The Buzz Bar was already heaving by the time Chila arrived with her party in tow. The repainted iron gates were festooned with blinking fairy lights and the courtyard fringed with lush palms in earthenware village pots. The space had been stripped to its bare essentials: whitewash over bumpy brick walls, exposed timbers, a concrete floor covered with rush matting and khelim rugs, and up near the rafters, at regular intervals, small painted green lizards with permanently surprised expressions.
‘Goodness,’ murmured Chandni in Chila’s ear, ‘he’s spent all this money making it look like my deaf uncle’s village!’
‘Better not visit the bathroom tonight, girls,’ giggled Leila. ‘I for one don’t fancy squatting over a hole after dinner.’
‘Apparently it’s the fashion,’ Chila ventured, joining the long queue in the doorway. ‘What’s it called, jaan, the rusty look?’
‘Rustic,’ replied Deepak with a smile, kissing her head fondly.
‘Oh, I knew that, sweetie,’ Leila snapped back. ‘It’s just that they’re going too far now. I mean soon it will go full circle. We will be over here travelling by rickshaw, wearing some awful cheesecloth monstrosity, and the Indian villagers will all look like people from American soap operas.’
Asif’s voice cut into the women’s chatter. ‘That’s happening already, yaar. Why do you think I bought all those shares in Star satellite? Murdoch’s filling his airtime with wall-to-wall USA imports. In some places, the people don’t have running water, but they do know who’s sleeping with who in Days of our Lives.’
Chila tugged subtly on Deepak’s sleeve. He answered her before she’d opened her mouth. ‘It’s an American soap drama, sweetheart.’
‘We don’t get that one on our cable box,’ Chi
la whispered.
‘Well,’ Deepak whispered back, ‘we’ll just have to get you a bigger box then, eh?’ and patted her hand.
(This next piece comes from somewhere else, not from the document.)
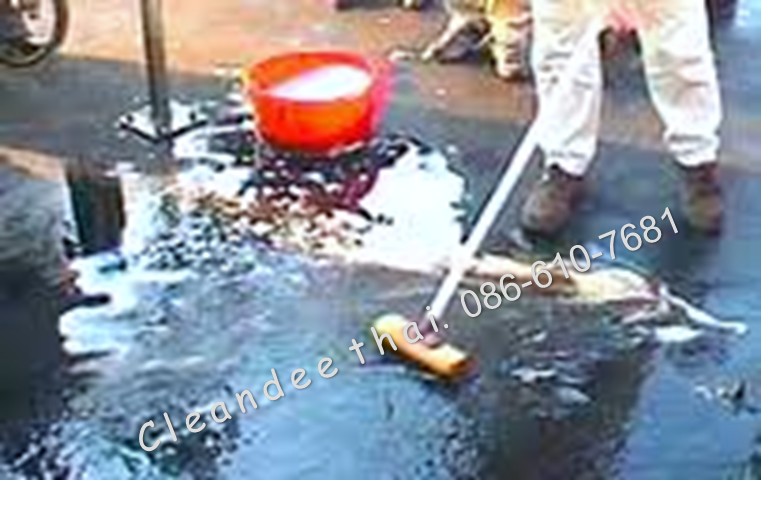 ทำความสะอาดบนพื้นโดยใช้ม็อบจุ่มน้ำยาแล้วถูบนพื้นผิวที่มีคราบน้ำมัน จากน้ำสามารถกวาดน้ำออก

They finally squeezed into the bar, immediately confronted by waiters dressed as bearers offering cocktails on raffia trays and pakore artfully arranged on banana leaves. Three large video screens suspended by saris hung from the ceiling, showing a collage of black and white Hindi movie numbers, kitsch Indian ads, and pop videos from the latest Asian underground bands.
‘My God,’ Manju said, ‘is that what your film is going to be shown on, Chila?’
Chila realized that each screen took up almost a whole wall and her bowels suddenly liquidized inside her.
‘Your face is going to be sooo big,’ breathed Chandni, wondering if her recent surgery would withstand such close scrutiny. At least the trim and tuck she had done down below wouldn’t be obvious to anyone else. Nature was drying her up, from the inside out, and she knew her husband had noticed. Of course it was worth every penny of his hard-earned cash, but even so, her womb contracted sharply with every step. The gold stilettos had definitely been a mistake.
‘Well, that is stardom, surely,’ chuckled Asif as he grabbed a drink off a passing tray. ‘To be up there, everyone watching you! How does it feel, Chila?’
Chila couldn’t think of anything to do except shrug her shoulders and dig her fingernails into Deepak’s arm.
‘I think you’ll have to talk to her agent to get a quote on that,’ Deepak said, making the women whoop in delight.